> _What this task involves_
Give again, unchanged, the line that contains "Рис. 1.6. После" together with every line that follows it until the entries end.

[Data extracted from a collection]
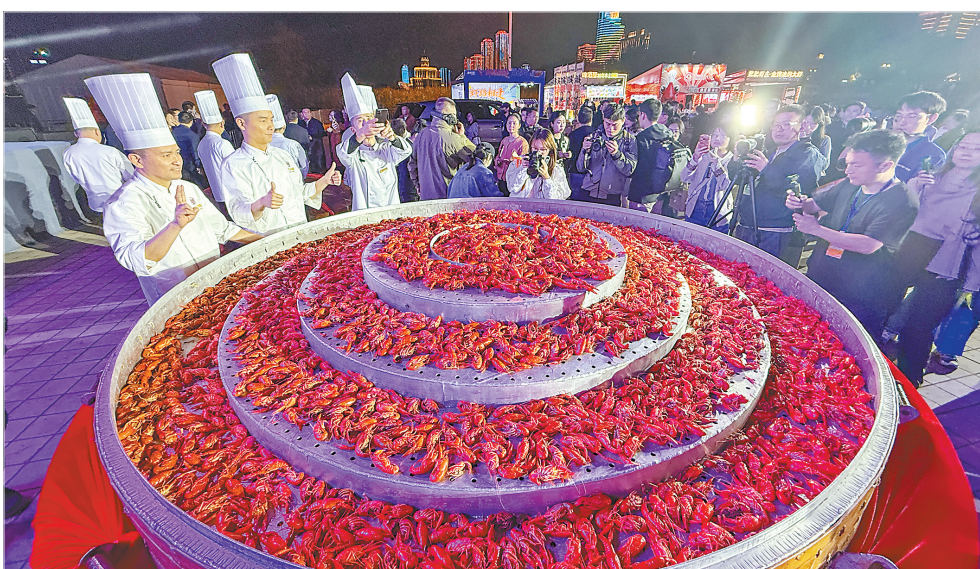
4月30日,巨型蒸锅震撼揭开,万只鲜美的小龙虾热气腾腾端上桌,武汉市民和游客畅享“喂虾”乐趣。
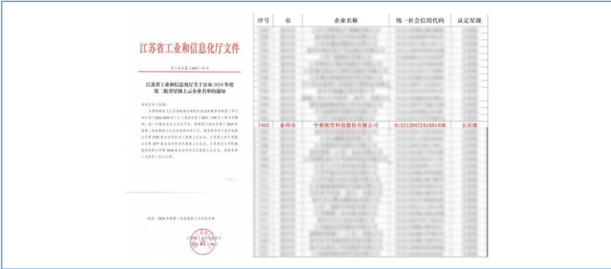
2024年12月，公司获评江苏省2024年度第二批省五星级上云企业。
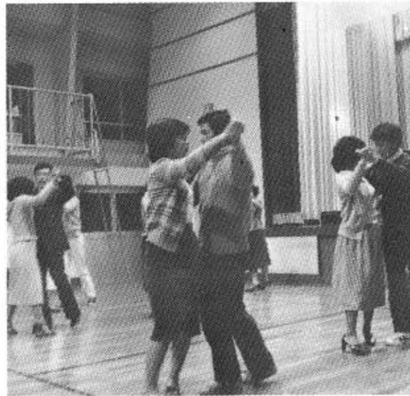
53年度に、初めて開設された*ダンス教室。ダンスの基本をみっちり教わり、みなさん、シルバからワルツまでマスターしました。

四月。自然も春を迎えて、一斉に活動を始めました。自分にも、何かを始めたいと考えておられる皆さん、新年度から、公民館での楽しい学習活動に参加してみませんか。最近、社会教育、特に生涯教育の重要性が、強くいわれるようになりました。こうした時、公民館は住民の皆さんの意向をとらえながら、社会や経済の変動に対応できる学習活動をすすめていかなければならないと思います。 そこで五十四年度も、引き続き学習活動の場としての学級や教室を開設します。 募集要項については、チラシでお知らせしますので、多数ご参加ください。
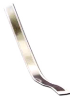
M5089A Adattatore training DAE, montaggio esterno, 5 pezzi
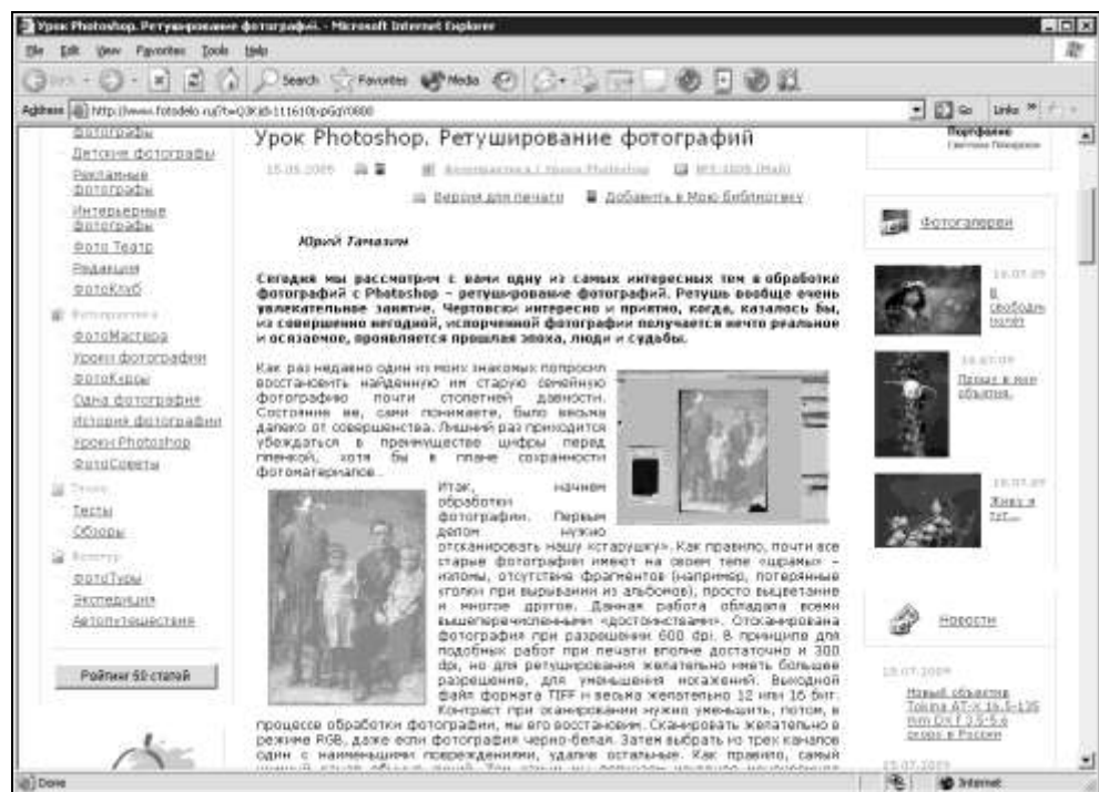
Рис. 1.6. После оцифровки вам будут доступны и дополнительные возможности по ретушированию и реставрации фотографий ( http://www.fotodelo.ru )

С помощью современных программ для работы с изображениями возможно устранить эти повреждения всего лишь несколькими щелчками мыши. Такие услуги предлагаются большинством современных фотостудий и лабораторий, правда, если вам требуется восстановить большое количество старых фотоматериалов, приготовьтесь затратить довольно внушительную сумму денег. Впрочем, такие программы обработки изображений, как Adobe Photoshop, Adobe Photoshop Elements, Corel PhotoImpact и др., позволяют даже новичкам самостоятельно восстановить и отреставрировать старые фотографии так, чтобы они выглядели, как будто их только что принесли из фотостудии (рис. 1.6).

> _Output of the task_
Рис. 1.6. После оцифровки вам будут доступны и дополнительные возможности по ретушированию и реставрации фотографий ( http://www.fotodelo.ru )

С помощью современных программ для работы с изображениями возможно устранить эти повреждения всего лишь несколькими щелчками мыши. Такие услуги предлагаются большинством современных фотостудий и лабораторий, правда, если вам требуется восстановить большое количество старых фотоматериалов, приготовьтесь затратить довольно внушительную сумму денег. Впрочем, такие программы обработки изображений, как Adobe Photoshop, Adobe Photoshop Elements, Corel PhotoImpact и др., позволяют даже новичкам самостоятельно восстановить и отреставрировать старые фотографии так, чтобы они выглядели, как будто их только что принесли из фотостудии (рис. 1.6).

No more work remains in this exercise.